# Корзина > НЕсуицид >  Нравятся ли вам звершуки?

## Равашоль

Вы бы трахнули зверушку если бы Вам долго никто не давал?

----------


## Stille

Не хотела бы встретиться с 3 людьми, проголосовавшими да.

----------


## Stille

> - а чё так?


 А вы бы хотели? 
Зоофилия не в моём вкусе, да и вообще раздражают люди, думающий только о ебле, пардон.

----------


## Stille

> - а причём тут вкусы и думающие только про еблю? Если кому-то нравятся зверушки, он только про еблю и думает или чё? Я чёта не понимаю всей глубины Ваших глубин.


 Думающие про еблю, потому что формулировка опроса "если бы вам никто долго не давал?".
Кому-то нравятся зверушки? Вы считаете это нормально?

----------


## Stille

> - представьте себе, взрослые люди, в массе своей, испытывают здоровую потребность в трахе. Хотя, есть люди с низким либидо и совсем асексуалы. Но это меньшинство скорее, чем большинство. Вот, когда долго его нет (секса), то и начинают много о нём думать - как говорится, что кому болит... И что? Я не могу понять, что именно Вас тут так раздражает.
>  - зоофилов и некрофилов я не понимаю. Хотя могу понять гомосексуалов например.


 Меня это раздражает, потому что я есть асексуалка. 
А гомосексуалов я тоже понимаю и считаю, что это всего лишь одна из форм сексуальности.

----------


## Гражданин

Асексуалка?
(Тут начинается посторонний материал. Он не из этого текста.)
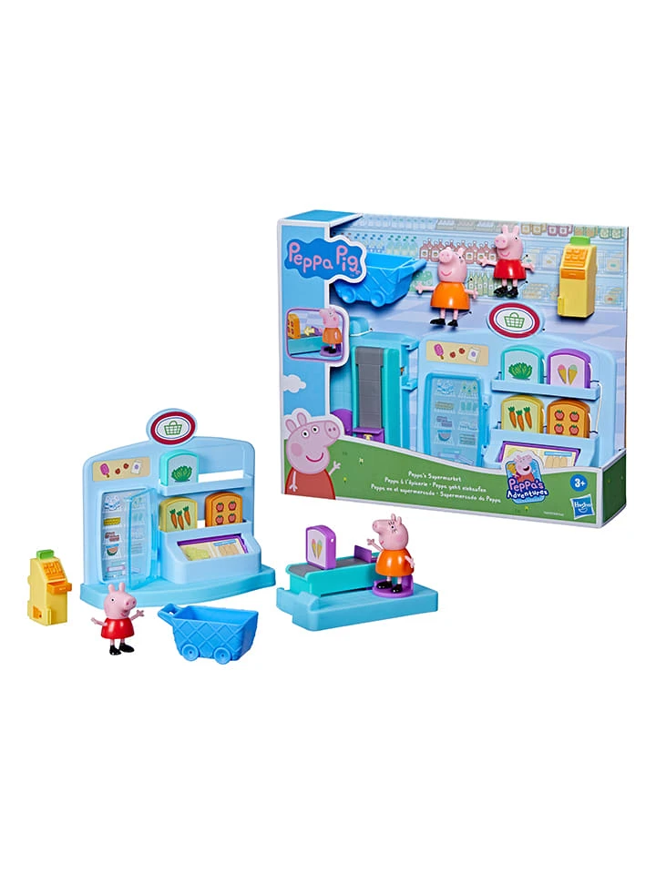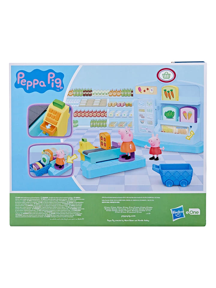 – Inhalt: 2 Spielfiguren, Einkaufswagen, Lebensmittel, Kühltruhe, Kasse mit Fließband

Ты уверена? Из-за чего себя считаешь таковой?

----------


## Stille

> Асексуалка? Ты уверена? Из-за чего себя считаешь таковой?
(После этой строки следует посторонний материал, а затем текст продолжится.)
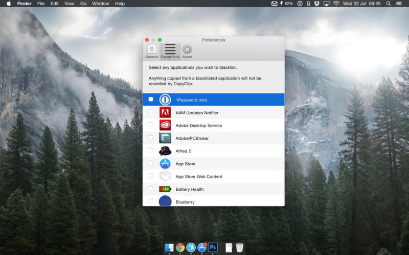 และนอกจากนี้แล้ว โปรแกรม CopyClip ตัวนี้ ก็ยังสามารถตั้งรายชื่อยกเว้น (Exceptions) หรือที่เรียกว่า Backlist สำหรับโปรแกรมที่ไม่ต้องการให้โปรแกรม Copyclip นี้บันทึกข้อความลงบนคลิปบอร์ดได้ ยกตัวอย่างเช่น โปรแกรมที่จัดเก็บรหัสผ่านของเครื่อง เป็นต้น หากใครสนใจก็สามารถดาวน์โหลดไปใช้งานบนเครื่อง Mac เวอร์ชัน 10.7 ขึ้นไป ได้เลยฟรีๆ

 потому что я не испытываю полового влечения

----------


## Stille

> - ну, надо же спокойнее как-то относится, а то ведь мне вот не нравится серый цвет и чё, мне теперь ненавидеть тех кому он нравится? )))


 Мы с вами разные люди с разными темпераментами, не стоит сравнивать. 
И как я уберу свою ненависть? Это не так просто, как кажется.

----------


## Герда

> На почве недотрахакем кем только не станешь...и насильником...и пидурасом...и зоофилом с некромантом...сперма в голове творит чудовищные вещи!
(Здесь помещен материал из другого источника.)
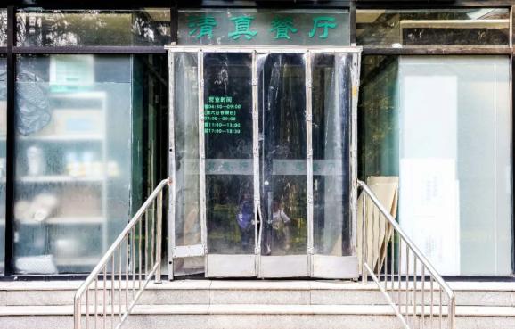 清真餐厅位于立德楼东侧,入口为南苑餐厅一层南门,经营主食、炒菜、盖饭、拉条子等,同时供应新疆炒米粉、面条、清真水饺等特色食品。

 Сорри, а  как-то стресс извините,  рукой своей Вам низя снять?
Гринписа на вас нету.)

----------


## Stille

> - сколько Вам лет, интересно?


 21

----------


## wiki

Интересно, а что хуже зоофилия или некрофилия, а то кто знает мож тут кто-то и трупы непрочь трахать???

----------


## Stille

> - ну по мне так некрофилия это всё же хуже, т.к. зоофилия (если конечно сам зверь как бы не против и даже получает удовольствие) - это как бы по согласию, а некрофилия это уже надругательство над трупом, у которого уже нельзя спросить его желания...


 Ну да) 
- Кошак, ты хочешь чтоб я тебя трахнул?
- Конечно, не стесняйся, мне только в кайф.

----------


## Stille

> - та ну, человеческая пися в кошкину не влезет явно


 О каком тогда согласии вы говорите? Животные не всегда могут причинить вред человеку и сбежать, они беззащитны.

----------


## Stille

> - ну например бывали случаи когда чуваки трахали свиней и свиньи от этого тащились.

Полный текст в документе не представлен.